I tracked my reading from December last year through November this year in a Google Docs spreadsheet. Next year, I’ll likely switch over to Goodreads. For obvious reasons, my reading skewed heavily toward fiction, poetry, and writing instruction. The latter was largely a bust, excepting The Art of Fiction and How Fiction Works.

A good bit was accomplished. I read more than I had in the prior few years and certainly more than I will next year. I managed to publish a few stories in journals I admire. That was a first for me. I’m around two-thirds of the way through an extensive re-write of my first novel. Still it doesn’t seem like enough. It’s never enough. There's already a distant ache weaving its way into my bones. Over Thanksgiving, my brother mentioned the sprout of gray at my temples. There is so little time, but maybe that’s the key to forward momentum, a lingering sense of the unfulfilled.

What about you? Any favorite reads you’d suggest? Any prose stylists that are also great storytellers? What about poets? I would love some suggestions.

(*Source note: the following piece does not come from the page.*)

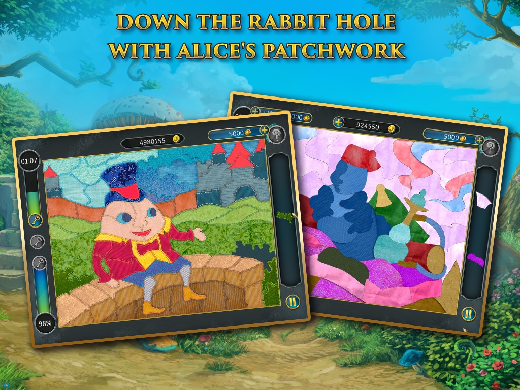 Assemble patchwork mosaics while you travel with Alice and the famous characters of Wonderland and Looking-Glass Land!
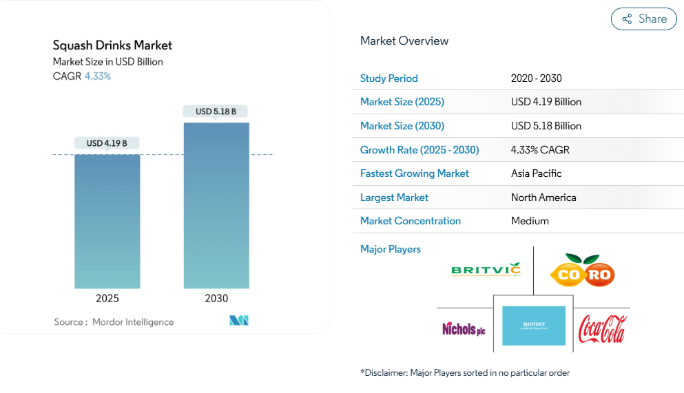 スクワッシュ飲料市場規模は2025年に41億9000万米ドルに達し、2030年までに51億8000万米ドルに達すると予測されており、年平均成長率(CAGR)4.33%で拡大しています。消費者は、特に果汁価格が上昇する中で、コスト意識の高い代替品として、濃縮コーディアル、スクワッシュ、シロップへと移行しています。規制面では、米国食品医薬品局(FDA)による石油由来合成着色料の段階的廃止や、中国食品添加物基準GB 2760-2024の改定などにより、天然着色料や天然甘味料を主成分とする製品への再構成が加速しております。

Notes on the list: Books marked with * denote an aborted read, usually somewhere around fifty pages in. Also, I didn’t include any magazines, literary journals, or one-off short works culled from anthologies. The list is sorted in alphabetical order by author's first name.

The List

Adam Robinson, Adam Robison
Ansen Dibell, The Elements of Fiction Writing -Plot
Barnaby Conrad, Learning to Write Fiction from the Masters
Barry Hannah, Never Die *
Billy Collins, Nine Horses
Breece D'J Pancake, The Stories of Breece D'J Pancake
C.S. Lewis, The Screwtape Letters
Carl Sandburg, Honey and Salt
Cormac McCarthy, The Road
Cormac McCarthy, All the Pretty Horses
Cormac McCarthy, No Country For Old Men
Darlyn Finch, Red Wax Rose
Denise Levertov, Evening Train
Denise Levertov, Breathing the Water
Donald Barthelme, Sixty Stories
Donigan Merritt, The Common Bond
E.M. Forster, Aspects of the Novel *
Ernest Hemingway, A Moveable Feast (Restored Edition)
Ernest Hemingway, The Old Man and the Sea
Ernest Hemingway, A Farewell to Arms
Ernest Hemingway, The Short Stories
Etgar Keret, The Nimrod Flip Out
F. Scott Fitzgerald, The Great Gatsby
Federico Garcia Lorca, The Selected Poems
Fred White, The Daily Reader
Friedrich Nietzsche, Beyond Good and Evil *
Graham Greene, The Power and the Glory
Harold Bloom, Where Shall Wisdom Be Found? *
Harper Lee, To Kill A Mockingbird
James Joyce, Dubliners
James Salter, A Sport and a Pastime
James Salter, Dusk
James Salter, The Hunters
James Salter, Light Years
James Wood, How Fiction Works
Jason Jordan, Cloud and Other Stories
John Gardner, On Being a Novelist
John Gardner, The Art Of Fiction
Kenneth Rexroth, Collected Poems
Kent Haruf, Plainsong
Larry McMurtry, Literary Life
Lewis Turco, The Elements of Fiction Writing -Dialogue
Mario Vargas Llosa, A Writer's Reality *
Matt Bell, How They Were Found
Matthew Sweeney, Teach Yourself Writing Poetry
Paul Cobley, Introducing Semiotics
Paul Harding, Tinkers
Philip Deaver, Silent Retreats
Robert Bly, What Have I Ever Lost By Dying?
Robert Frost, A Boy's Will and North of Boston
Rovit and Waldhorn, Hemingway and Faulkner in Their Time
Sam Lipsyte, The Ask
Sigmund Freud, Three Case Histories
The Paris Review, Interviews Volume 1
The Paris Review, Interviews Volume 2
Vladimir Nabokov, Lolita
William Faulkner, As I Lay Dying
William Faulkner, The Sound and the Fury
William Faulkner, Sanctuary
William Golding, Lord of the Flies
William Shakespeare, King Lear

19 comments:

  1. You should also read Haruf's Eventide. It doesn't strike the same note as Plainsong, but it's still very good. A good, strong list that would better anyone's writing, I wager.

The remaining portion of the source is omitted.